Hi carina62, mullerlights yogs contain about 15g of carb so not too bad, shouldn't cause you a problem. I have just started SW, I think its going to be good but not had my first weigh in yet! How are you finding it?


----------



## Hazel (Jun 3, 2012)

I've lost 3 stone with SW, and still losing

I eat a lot of MullerLights and my Hba1c is the lowest it has ever been, so I can get away with them.

An my insulin intake is down by about 70%


----------



## Austin Mini (Jun 3, 2012)

I like MullerLights but Morrisons have put 'em up so now Im on Muller fruit corners. Im glad I did there fandabidosi! You still gotta count the carbs though.


----------



## Carina1962 (Jun 4, 2012)

SueM - i am loving SW and find it the easiest 'diet' ever, i really don't feel i'm on a diet and am doing lots of lovely cooking from the SW recipes.  I have a long way to go but am aiming to get my half stone award either this week or next week


----------



## Carina1962 (Jun 4, 2012)

Hazel said:


> I've lost 3 stone with SW, and still losing
> 
> I eat a lot of MullerLights and my Hba1c is the lowest it has ever been, so I can get away with them.
> 
> An my insulin intake is down by about 70%



How long did it take you to lose 3 stone?  what was your average weekly weight loss?  i have 5 stone to lose


----------



## Hazel (Jun 4, 2012)

6 months and I have another 10 to 12 stone - there is no quick fix, just a long hard slog


----------



## SueM (Jun 4, 2012)

carina62 said:


> SueM - i am loving SW and find it the easiest 'diet' ever, i really don't feel i'm on a diet and am doing lots of lovely cooking from the SW recipes.  I have a long way to go but am aiming to get my half stone award either this week or next week


I must admit it doesn't feel like a 'diet', I already feel like I've got more energy. Just getting my head round breaking those 'habits' & I've had a few lows but I'm sure I'll get that sorted. Fingers crossed for your 1/2 stone award very soon x


----------



## Amethyst (Jun 4, 2012)

I started SW too!  What is everyone doing, extra easy or red.  I'm not sure which is best.


----------



## SueM (Jun 4, 2012)

Amethyst said:


> I started SW too!  What is everyone doing, extra easy or red.  I'm not sure which is best.
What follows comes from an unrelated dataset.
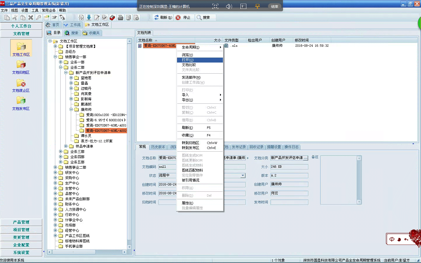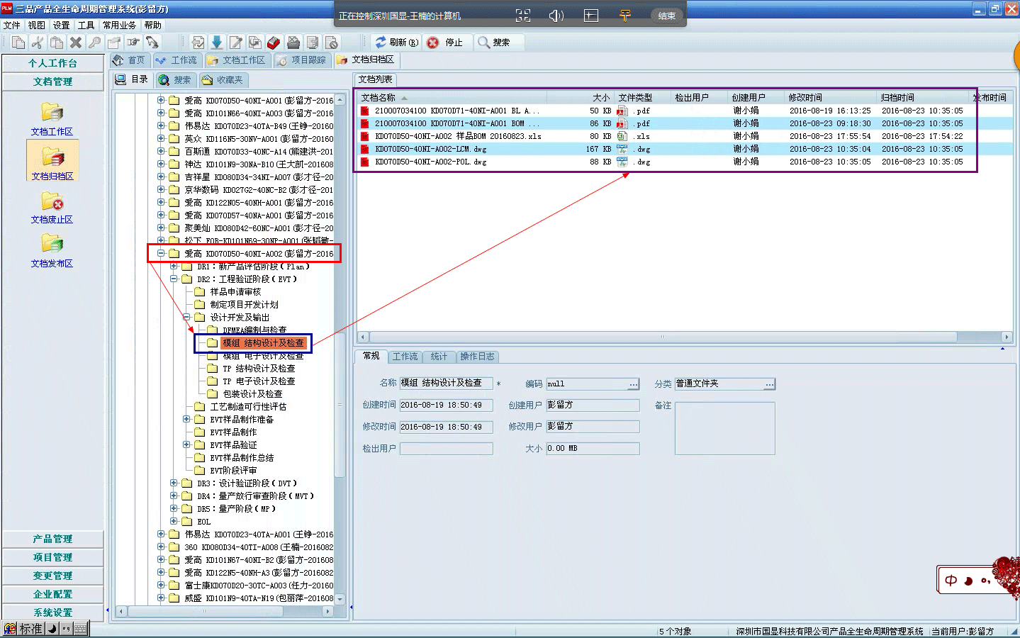 通过PLM系统协助国显科技建立统一的图文档资料协同管理平台,搭建了各部门文件夹目录框架,各部门规范各类文档资料,实现图文档数据集中、规范管理,也方便查找与使用。
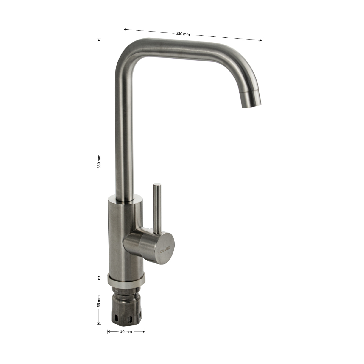 Смеситель для кухонной мойки и раковин, литой матовый корпус, из нержавеющей стали марки 304, с высоким П-образным изливом, шаровый, Крепление резьба - гайка, картридж d = 25 мм, ручка литая. Аэратор для экономии воды. Такая модель может использоваться на домашней кухне, на даче, в медицинских учреждениях и общественных местах. Габаритные размеры: высота 330 мм, длина 230 мм, диаметр посадочного седла 50 мм, длина резьбы 55 мм, длина подводки 500 мм. Вес - 1 кг, объём - 0.00516 м3. В комплекте паспорт, корпус с изливом, подводка 1/2, крепеж, набор прокладок.

I am going for extra easy as I think I may have better results but must admit I was tempted by red for the 2 x healthy 'b' options (I'm struggling with cereal/bread). Interested to know what everyone else has gone for. Fingers crossed for a loss on weigh-in day, I'm gonna be super miffed if I don't!


----------



## Carina1962 (Jun 4, 2012)

I'm doing Extra Easy and am getting on OK with it


----------



## Lairyfairy (Jun 10, 2012)

Umm ... forgive me for being daft ,... but what is SW?  I have tried all sorts of diets but have never found one that suited me and I need to lose weight.  Thanks  Lynn


----------



## Andrew (Jun 10, 2012)

*DiTo*

I am in the same boat



Lairyfairy said:


> Umm ... forgive me for being daft ,... but what is SW?  I have tried all sorts of diets but have never found one that suited me and I need to lose weight.  Thanks  Lynn


----------



## Steff (Jun 10, 2012)

Lairyfairy said:


> Umm ... forgive me for being daft ,... but what is SW?  I have tried all sorts of diets but have never found one that suited me and I need to lose weight.  Thanks  Lynn



SW is slimming world


----------



## Lairyfairy (Jun 10, 2012)

Dohhh ... of course!  Thanks Steff


----------



## Cairie (Jun 14, 2012)

*SW?*

Please can someone explain what SW is? And how do I found out more?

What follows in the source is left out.